Мутации генов-онкосупрессоров в зародышевой линии клеток тоже приводят к риску рака. Есть, например, синдром Ли – Фраумени – наследственная болезнь, при которой у 100 % больных рано или поздно развивается рак. До тридцати лет злокачественные опухоли возникают у половины больных, а к семидесяти годам – у всех. Чаще всего это рак крови, мозга, груди, костей, яичек или яичников, надпочечников, ЖКТ. В 70 % случаев синдрома Ли – Фраумени наблюдаются мутации p53, а у оставшихся 30 % больных находят мутации другого гена-онкосупрессора, который называется CHEK2.
Аруна и Санджив Сэм Гамбир узнали о синдроме Ли – Фраумени из-за кошмарной личной трагедии. Их четырнадцатилетний сын Майлан, красавец и умница, катался по озеру на “ватрушке”, прицепленной к катеру, ударился головой, и у него случилось сотрясение мозга. Лечащий врач назначил КТ, чтобы исключить внутричерепное кровотечение, однако никто не мог и представить себе, что эта простая диагностическая процедура может повредить какую-то клетку настолько, что это вызовет рак мозга. Майлан умер в шестнадцать лет от одной из самых агрессивных, безжалостных болезней-убийц, известных человечеству, – от мультиформной глиобластомы, при которой пятилетняя выживаемость составляет менее 5 %. Вся профессиональная жизнь Сэма Гамбира была посвящена поискам способов раннего выявления рака. Более того, за год до трагедии он сумел получить десятимиллионный грант на выявление ранних признаков рака. Майлан и сам работал с исследователями в Канарском центре при Стэнфордском университете, помогал в создании ультразвукового браслета для ранней диагностики рецидивов рака при помощи сложной технологии микропузырьков. Какой страшный удар, какая горькая издевка судьбы: когда Майлана привезли в отделение скорой помощи с судорогами, Сэм, глава радиологического отделения Стэнфордского университета, сам смотрел первые пленки, на которых было видно массивное внутричерепное образование.
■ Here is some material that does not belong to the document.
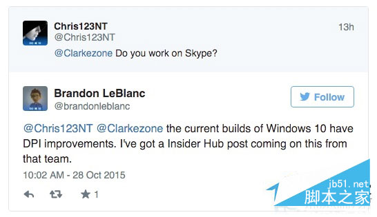 好消息是,今天Windows Insider项目高级主管Brandon LeBlanc在和网友互动时表示,微软已经找到了一个系统DPI问题的解决方案,而且已经在现有Windows 10编译版本中”测试了。

Аруна Гамбир уже пережила две атаки рака молочной железы. Майлан задумался о браслете именно потому, что понимал: ранняя диагностика рака груди спасла жизнь его матери. Когда Майлану поставили диагноз, им с матерью сделали генетическое обследование, и у обоих оказалась наследственная мутация p53. “Не исключено, что опухоль появилась у него из-за облучения при КТ, – говорит Сэм Гамбир. – При такой мутации p53 восприимчивость к радиации резко повышается. У нормального человека КТ не дает никаких осложнений. Но если у пациента такая мутация, радиация, вероятно, повышает шансы заболеть раком. Сказать точно мы не сможем никогда”.
Сохранность функций p53 связывают и с прогнозом при раке. Например, при МДС, когда у пациентов повреждено сразу несколько хромосом, раковый геном считается очень нестабильным, а это приводит к плохому прогнозу для больных. Исследования показали, что, если сложные цитогенетические нарушения сопровождаются мутацией p53, прогноз совсем неутешителен, но, если мутации p53 нет, больные могут прожить много лет и заболевание у них не будет прогрессировать, даже если повреждено много хромосом. Главный фактор – не поврежденные хромосомы, а именно p53. С другой стороны, полагают, что у больных МДС, у которых наблюдается изолированная делеция участка длинного плеча пятой хромосомы (делеция 5q), хороший прогноз: стабильное медленное прогрессирование болезни и высокая продолжительность жизни. Но у одного из пяти таких больных с якобы низким риском есть мутация p53 – и тогда у них быстро развивается острый лейкоз. Вот почему до выяснения мутационного статуса p53 любая информация о плохом прогнозе у больных со сложными цитогенетическими нарушениями и о хорошем прогнозе у больных с делецией участка длинного плеча пятой хромосомы неполна. Генетика сильнее цитогенетики.
У гена p53 есть и еще одна любопытная особенность, о которой стало известно недавно. Вероятность спонтанных мутаций возрастает каждый раз, когда клетка делится. Поскольку у крупных животных больше клеток, разумно предположить, что и мутаций у них будет больше, а следовательно, больше рака. Но на самом деле верно обратное: рак у людей встречается реже, чем у мышей, и чаще, чем у китов. У слонов рака почти не бывает. Эта загадка называется парадоксом Пето в честь эпидемиолога Ричарда Пето. Она заставляет задаться вопросом, почему заболеваемость раком не увеличивается с увеличением числа клеток в организме. Пето предположил, что в клетках растущего и стареющего животного действуют врожденные механизмы, которые защищают его от рака. Похоже, так и есть.